We believe the amounts payable under these agreements are consistent with market standards as confirmed by our review in 2011 of a study of the competitive practices with regard to change in control severance benefits at the 100 largest companies in the S&P 500, which was the data available to us at the time of this review. As it relates to tax gross-up payments for any federal excise taxes that may be owed by an executive, this analysis indicated that most companies, similar to WEC, are “grandfathering” existing employment agreements.
In addition, our supplemental pension plan provides that in the event of a change in control of WEC, each named executive officer will be entitled to a lump sum payment of amounts due under the plan if employment is terminated within 18 months of the change in control.
For a more detailed discussion of the benefits and tables that describe payouts under various termination scenarios, see “Potential Payments upon Termination or Change in Control” later in this information statement.
Impact of Prior Compensation.The Compensation Committee does not believe it is appropriate to consider the amounts realized or realizable from prior incentive compensation awards when establishing future levels of short-term and long-term incentive compensation.
Section 162(m) of the Internal Revenue Code.Section 162(m) of the Internal Revenue Code limits the deductibility of certain executives’ compensation that exceeds $1 million per year, unless the compensation is performance-based under Section 162(m) and is issued through a plan that has been approved by stockholders.
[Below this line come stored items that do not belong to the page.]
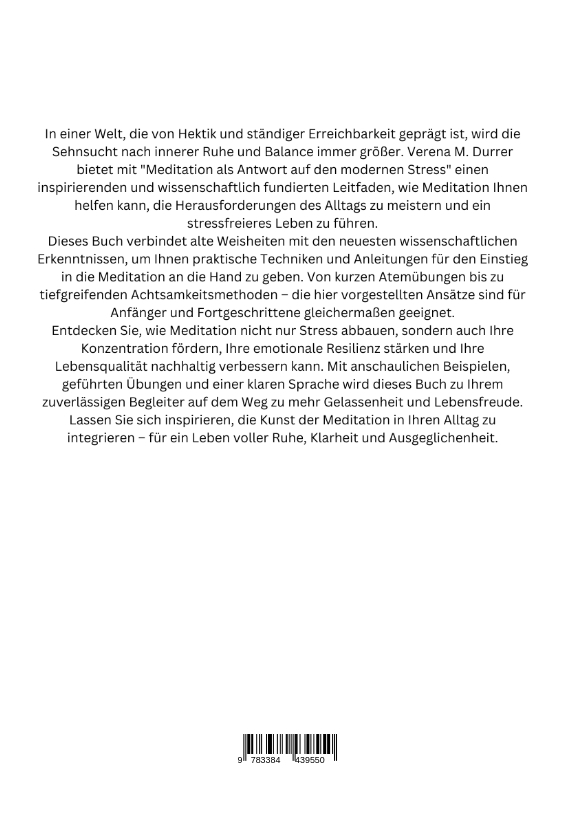 In einer Welt, die von Hektik und ständiger Erreichbarkeit geprägt ist, wird die Sehnsucht nach innerer Ruhe und Balance immer größer. Verena M. Durrer bietet mit "Meditation als Antwort auf den modernen Stress" einen inspirierenden und wissenschaftlich fundierten Leitfaden, wie Meditation Ihnen helfen kann, die Herausforderungen des Alltags zu meistern und ein stressfreieres Leben zu führen.Dieses Buch verbindet alte Weisheiten mit den neuesten wissenschaftlichen Erkenntnissen, um Ihnen praktische Techniken und Anleitungen für den Einstieg in die Meditation an die Hand zu geben. Von kurzen Atemübungen bis zu tiefgreifenden Achtsamkeitsmethoden - die hier vorgestellten Ansätze sind für Anfänger und Fortgeschrittene gleichermaßen geeignet.Entdecken Sie, wie Meditation nicht nur Stress abbauen, sondern auch Ihre Konzentration fördern, Ihre emotionale Resilienz stärken und Ihre Lebensqualität nachhaltig verbessern kann. Mit anschaulichen Beispielen, geführten Übungen und einer klaren Sprache wird dieses Buch zu Ihrem zuverlässigen Begleiter auf dem Weg zu mehr Gelassenheit und Lebensfreude.Lassen Sie sich inspirieren, die Kunst der Meditation in Ihren Alltag zu integrieren - für ein Leben voller Ruhe, Klarheit und Ausgeglichenheit.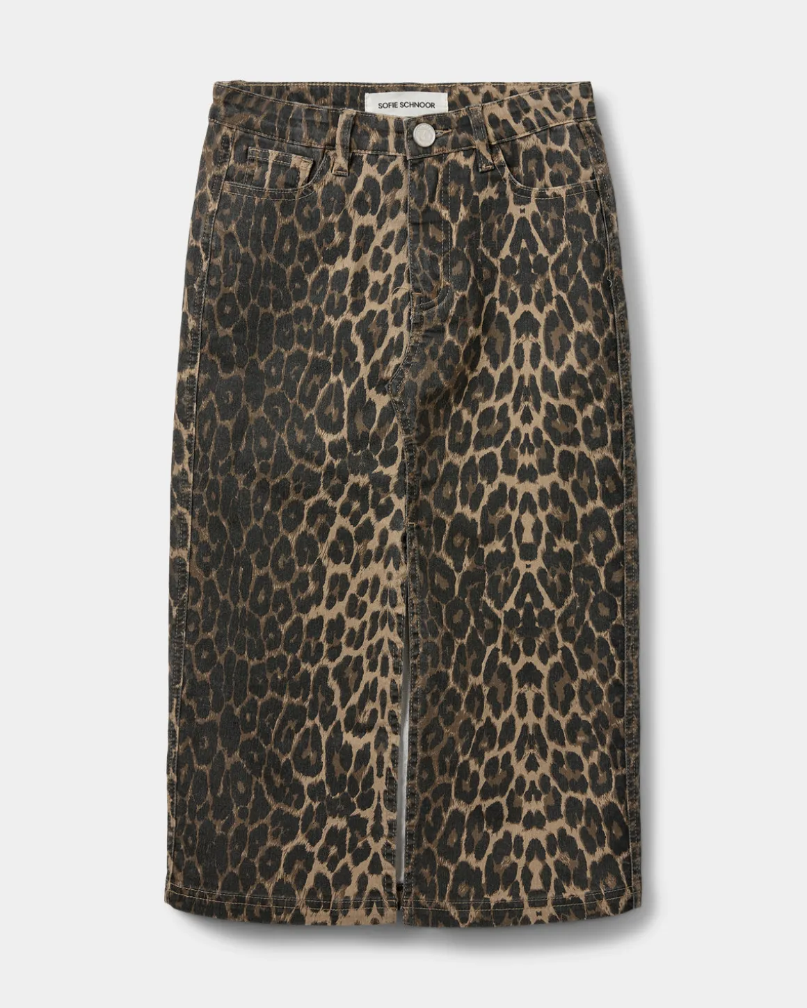 Skirt with leopard print. The skirt has a zip and button closure at the front as well as a front slit. Made in a luxurious cotton blend with stretch.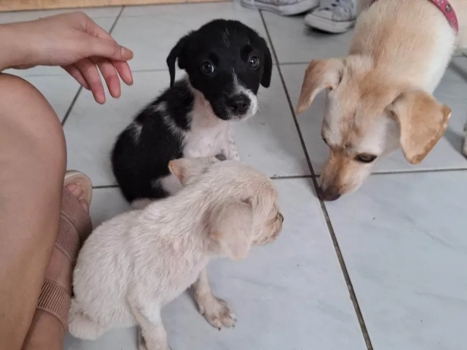 5 filhotinhos, mãe e pai porte médio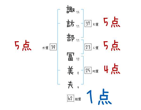 総運![]() | 諏訪部冨美夫さんの総運は62画の1つ星!困難なトラブルが多く精神的に疲労しないように気をつけましょう。 あなたの人生を表す1番重要な運勢です。生涯を通じて影響する総合運となり、主に50歳以降の晩年期に影響を及ぼします。 |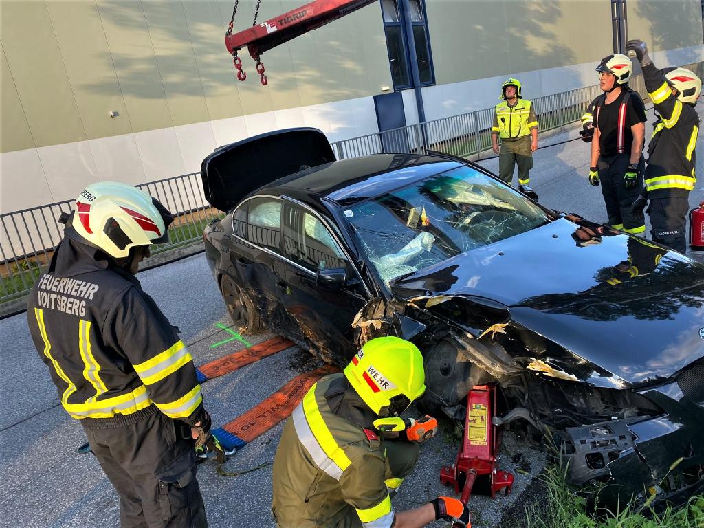 VOITSBERG, am 27.08.2021 Nach einem Zusammenstoß zweier Pkw wurde einer nach Anforderung der einsatzleitenden FF Krems mittels WLF-Kran geborgen und an einem gesicherten Platz abgestellt.

Although the Compensation Committee may take into consideration the provisions of Section 162(m), it believes that maintaining tax deductibility is only one consideration among many in the design of an effective executive compensation program.
With respect to 2011 compensation for the named executive officers, the stock option grants under WEC’s 1993 Omnibus Stock Incentive Plan have been structured to qualify as performance based compensation under Section 162(m). The remaining components of the 2011 compensation program do not qualify for tax deductibility under Section 162(m).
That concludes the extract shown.